*Exercise*
Below, some lines carry pictures; leave those pictures out and retype exactly the lines from the one with "Kal Chlorophyl Tabletten" through the one with "Description : Photo".
Data shown: Begin
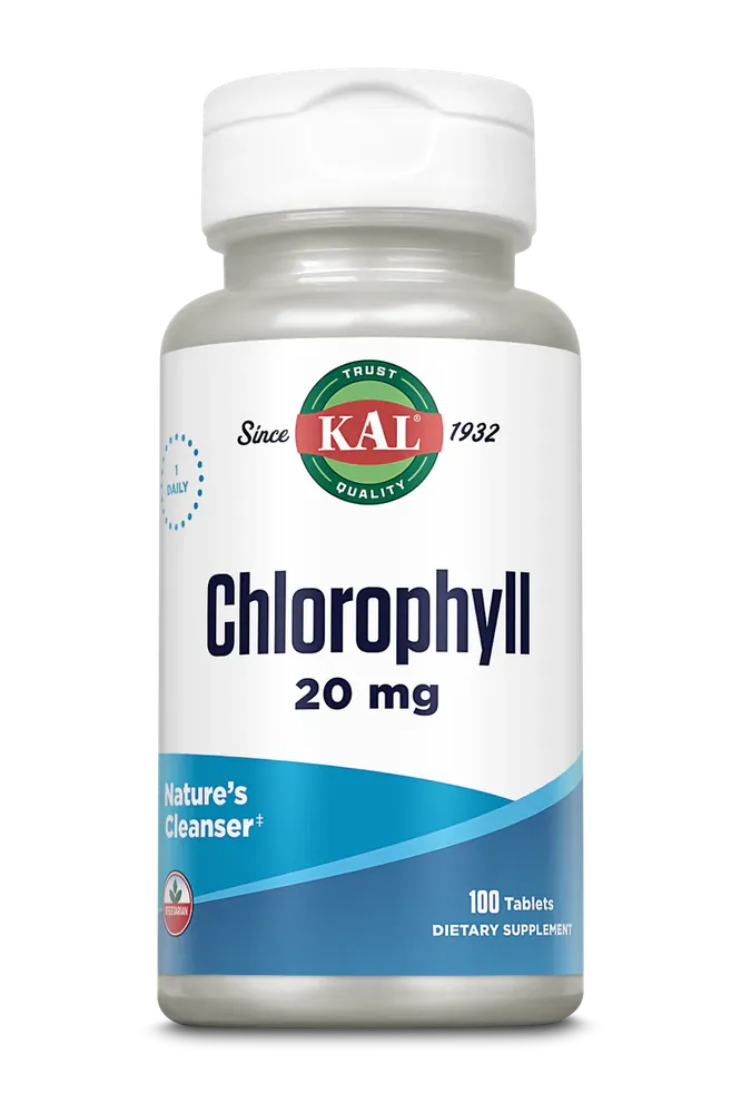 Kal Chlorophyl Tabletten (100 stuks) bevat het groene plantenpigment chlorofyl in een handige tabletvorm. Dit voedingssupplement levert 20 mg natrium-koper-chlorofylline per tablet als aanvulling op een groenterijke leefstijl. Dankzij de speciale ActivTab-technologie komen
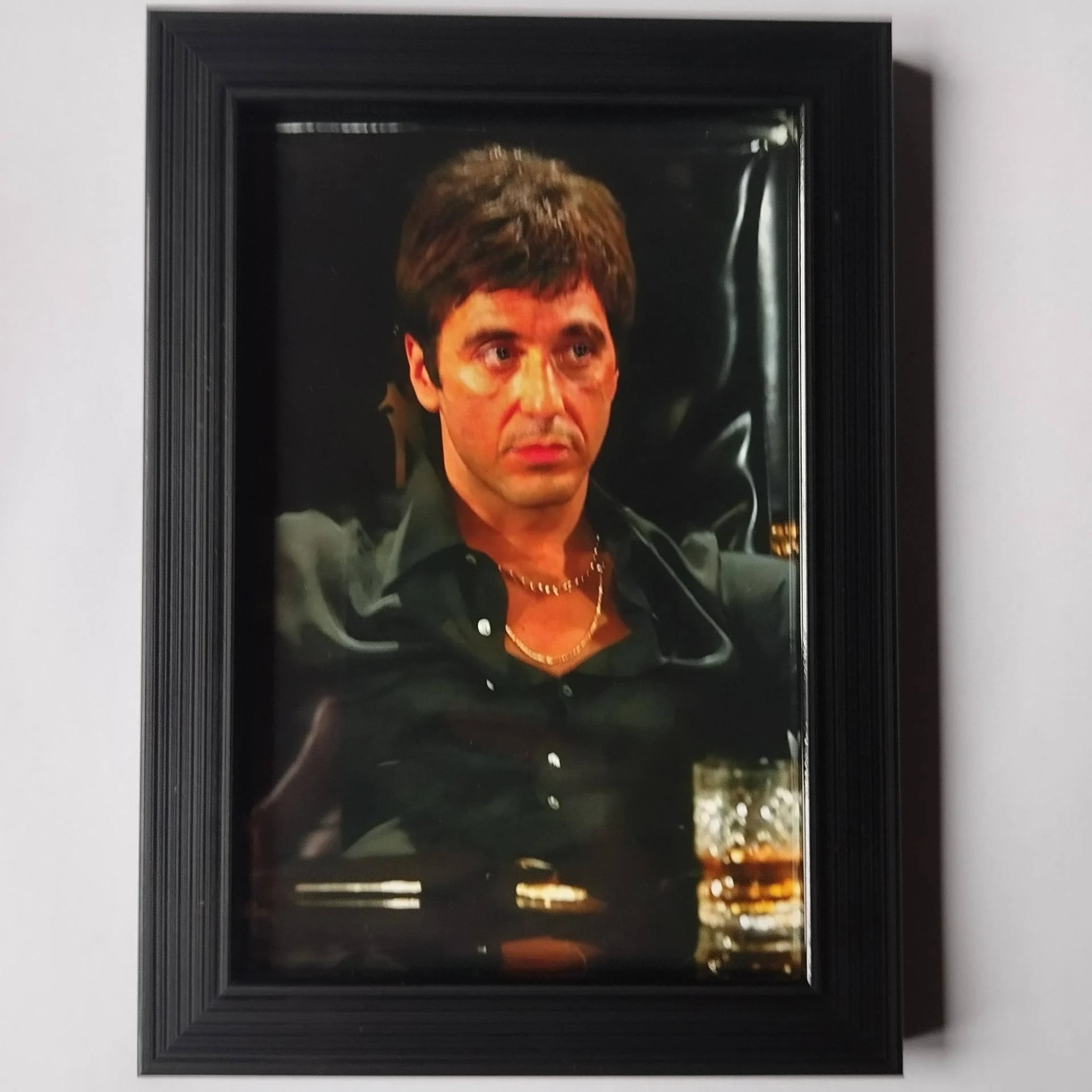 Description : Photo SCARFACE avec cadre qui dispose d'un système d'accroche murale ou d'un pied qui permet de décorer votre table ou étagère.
Data shown: End
Data shown: Begin
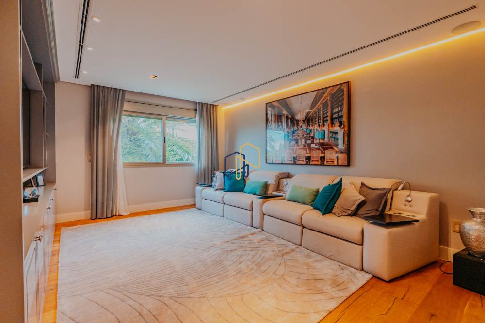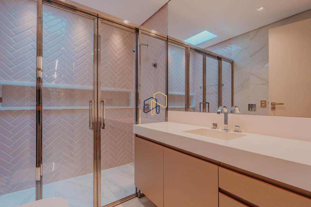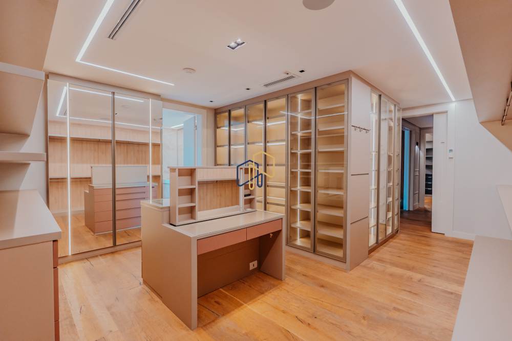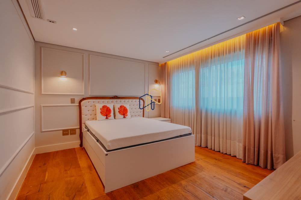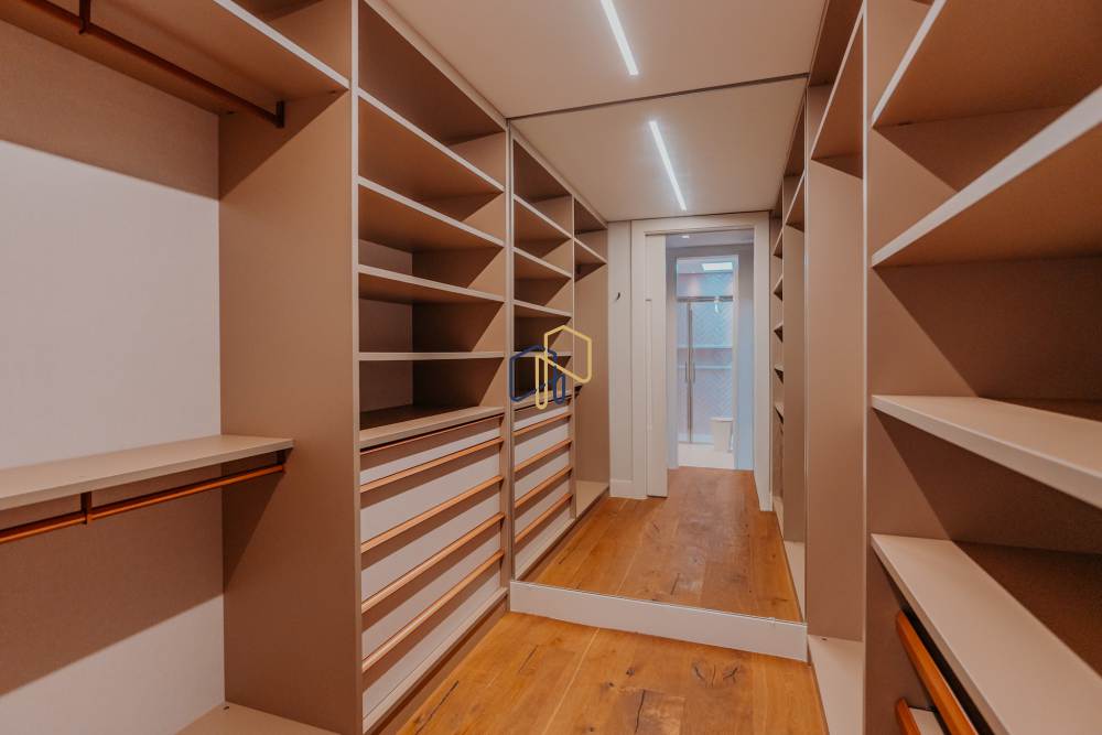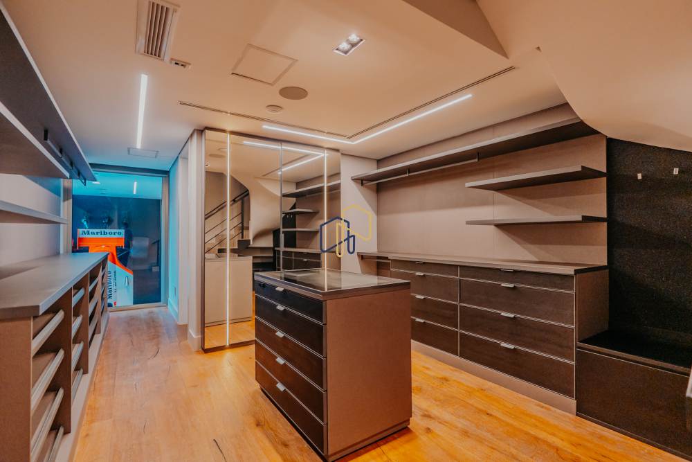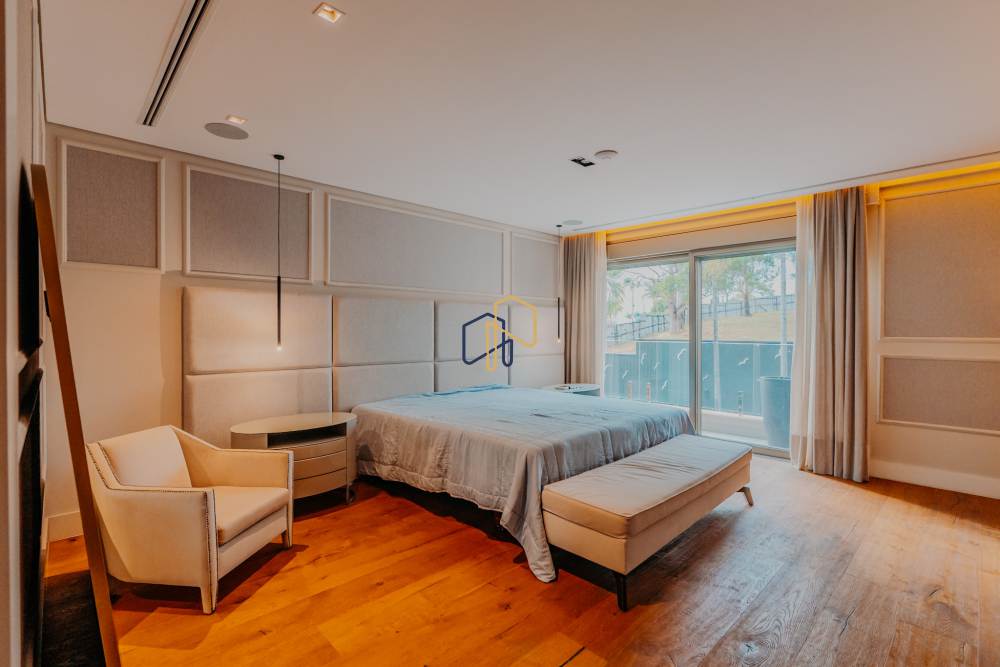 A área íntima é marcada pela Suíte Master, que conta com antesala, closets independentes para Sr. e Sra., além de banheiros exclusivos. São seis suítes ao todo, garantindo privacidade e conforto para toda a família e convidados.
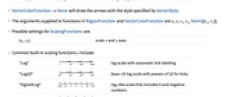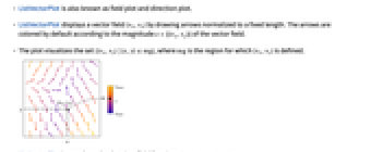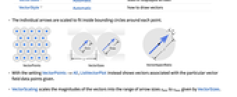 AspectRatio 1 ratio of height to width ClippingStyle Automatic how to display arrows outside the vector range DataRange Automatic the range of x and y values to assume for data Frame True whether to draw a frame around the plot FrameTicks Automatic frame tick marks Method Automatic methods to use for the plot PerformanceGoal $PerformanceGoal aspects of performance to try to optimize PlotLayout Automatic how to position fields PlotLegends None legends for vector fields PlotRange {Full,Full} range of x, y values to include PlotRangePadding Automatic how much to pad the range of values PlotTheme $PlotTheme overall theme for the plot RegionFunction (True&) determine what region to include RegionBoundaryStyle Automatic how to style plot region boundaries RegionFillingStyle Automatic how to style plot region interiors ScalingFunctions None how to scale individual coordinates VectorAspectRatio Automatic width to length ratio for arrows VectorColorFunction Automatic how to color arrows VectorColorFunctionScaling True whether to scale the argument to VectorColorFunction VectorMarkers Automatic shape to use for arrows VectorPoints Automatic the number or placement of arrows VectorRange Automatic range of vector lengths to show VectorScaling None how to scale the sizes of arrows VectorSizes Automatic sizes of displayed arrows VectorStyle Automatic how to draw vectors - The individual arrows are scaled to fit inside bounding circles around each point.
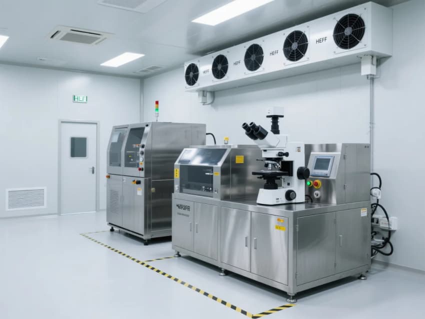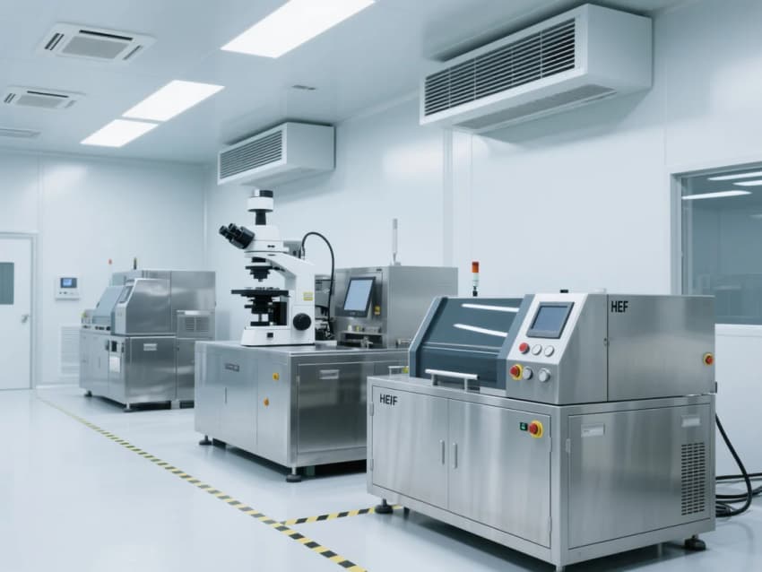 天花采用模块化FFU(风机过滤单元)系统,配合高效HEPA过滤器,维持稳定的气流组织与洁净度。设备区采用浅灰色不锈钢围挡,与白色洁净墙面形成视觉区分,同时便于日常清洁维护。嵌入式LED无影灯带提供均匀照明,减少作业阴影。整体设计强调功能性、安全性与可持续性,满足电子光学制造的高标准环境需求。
Data shown: End
Data shown: Begin
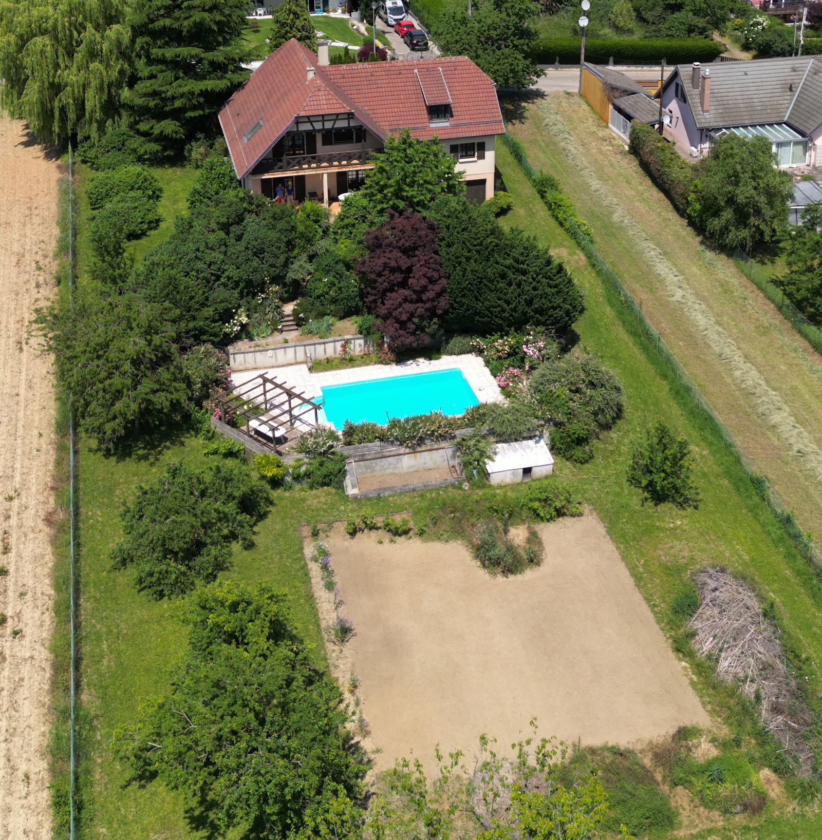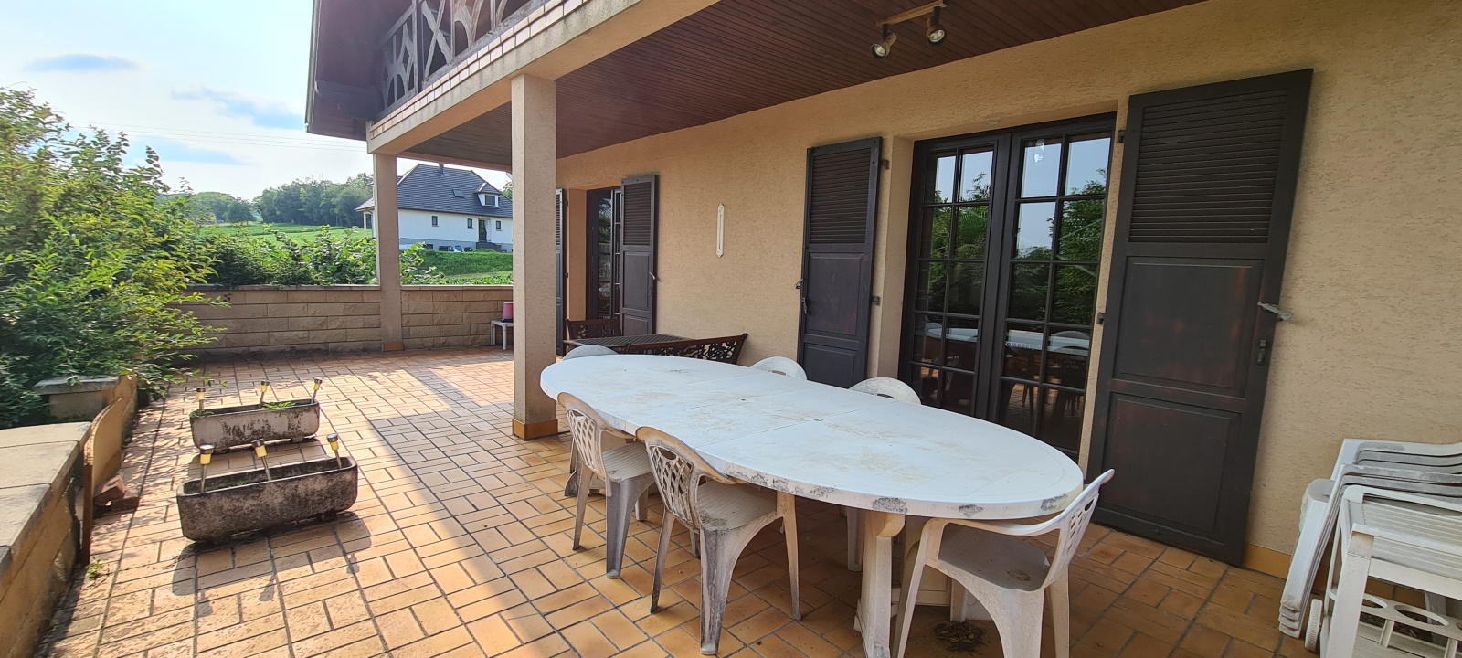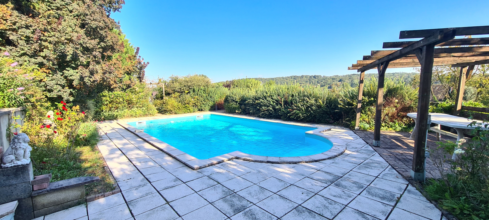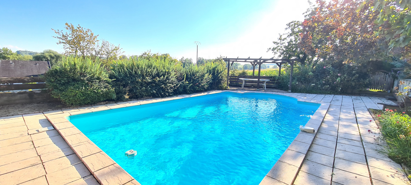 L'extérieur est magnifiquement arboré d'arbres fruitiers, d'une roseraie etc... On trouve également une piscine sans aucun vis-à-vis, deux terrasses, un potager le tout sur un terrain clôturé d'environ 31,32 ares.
Data shown: End
*Solution below*
 Kal Chlorophyl Tabletten (100 stuks) bevat het groene plantenpigment chlorofyl in een handige tabletvorm. Dit voedingssupplement levert 20 mg natrium-koper-chlorofylline per tablet als aanvulling op een groenterijke leefstijl. Dankzij de speciale ActivTab-technologie komen
 Description : Photo SCARFACE avec cadre qui dispose d'un système d'accroche murale ou d'un pied qui permet de décorer votre table ou étagère.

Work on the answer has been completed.